There is, however, some variance in the score, indicated by the variance in the individual scores marked by black points as well as the bounds given by the percentiles, marked by the dash-dotted lines. We proceed to the final clustering by fixing the number of clusters to be J = 3 and training a final model from data. In order to avoid degenerate results, we train a model 7 times and select the model with the median silhouette score. This is likely to avoid minima with extreme values for the silhouette index. Since the k-means algorithm estimates the cluster centers as the averages of data and the data is either 0’s or 1’s, the cluster centers have a natural interpretation of being probabilities of individual diagnoses given in the cluster, and can thus be related with the risk of a diagnosis in a given group. The cluster centers for the three clusters are illustrated in Fig. 2. There are apparent similarities between the profiles and they do indeed share some characteristics in terms of diagnoses. For instance, each cluster is characterised by the diagnosis P59.0, which indicates neonatal jaundice associated with preterm delivery, and P22.9, which in turn corresponds to unspecified respiratory distress of newborn. These are diagnoses that are associated with the selection of the patient material from NICU, rather than distinguishing factors between them. Some of the diagnoses appear in only one cluster, like the H35.1 Retinopathy of maturity, which offers an avenue to explore further which factors occur together in this particular group.

124

J. Hollm´en and P. Papapetrou

Fig. 2. The cluster centers of the identified diagnosis profiles are illustrated. Each panel describes one of the three clusters in terms of probabilities of diagnoses in the cluster.

4

Summary and Conclusions

We have analyzed a database of patients treated at the neonatal intensive care unit (NICU) at the Helsinki Children’s Hospital in Finland.

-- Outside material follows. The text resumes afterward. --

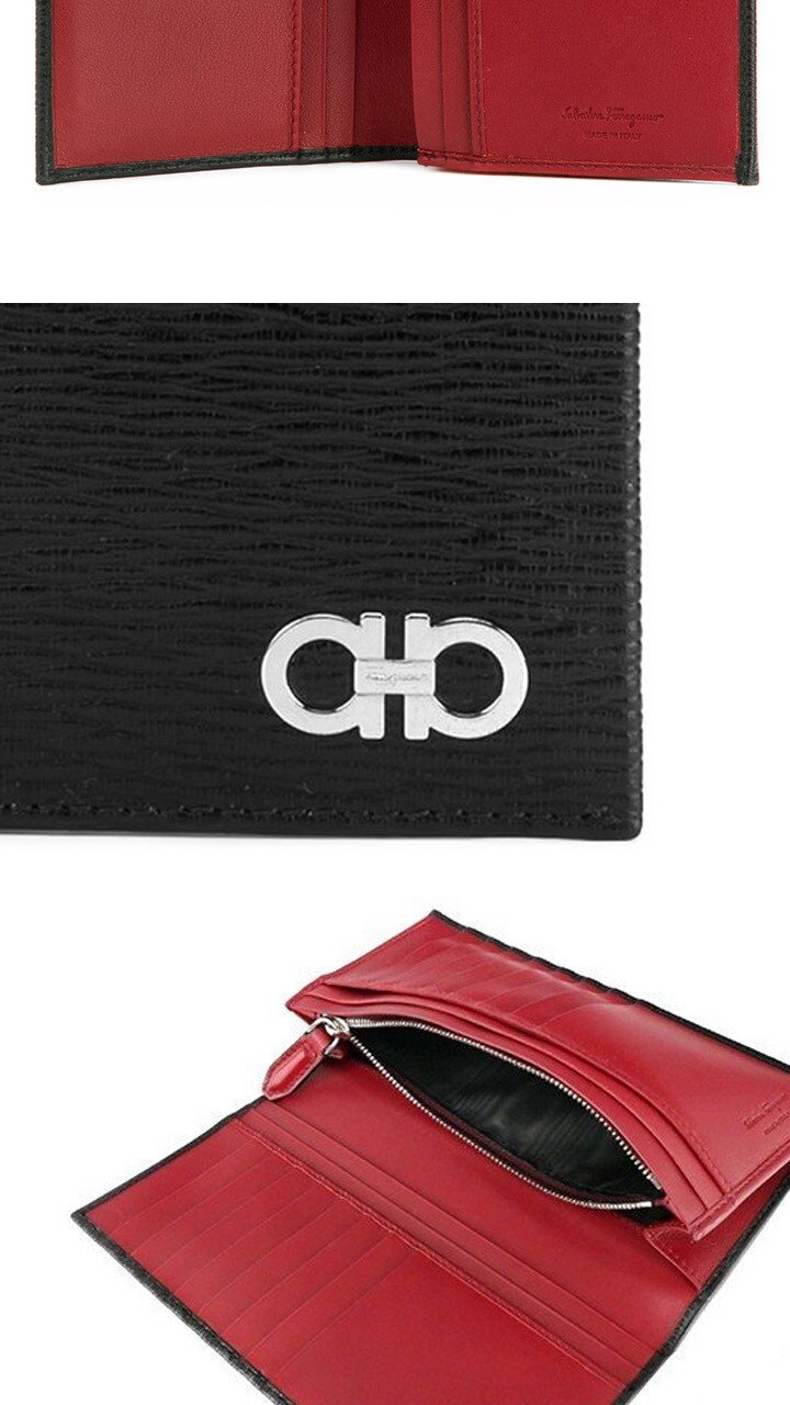페라가모 25FW 더블 간치니 투톤 장지갑 블랙레드 66-A069 0686018

In particular, we focused on the set of diagnoses of patients and developed a vectorial 0–1 data representation for further analysis. The diagnostic profile for a patient is the listing of all diagnosis of a patient and can be represented as a vector of 0–1 data with all diagnoses as vector components, or attributes. Then we proceeded with a clustering approach and developed a suitable clustering model for the data through a model selection procedure. We presented the prototypes of the clusters and discussed the further possibilities of describing the data more accurately. A clustering model can be used to yield a practical, yet nontrivial description of the patient diagnoses as such. Some of the highlighted diagnoses are generic hallmarks for the patient material in question, but some others may yield interesting information about subsets of patients. These diagnostic profiles can be used to describe further the statistical dependencies of the individual diagnoses in subsets of patients, which can yield interesting, but unexplored knowledge about the domain. In order to derive more medical relevance from the profiles, we will discuss the findings further with the medical experts, and reflect the findings with external patient data, which has not been used in clustering.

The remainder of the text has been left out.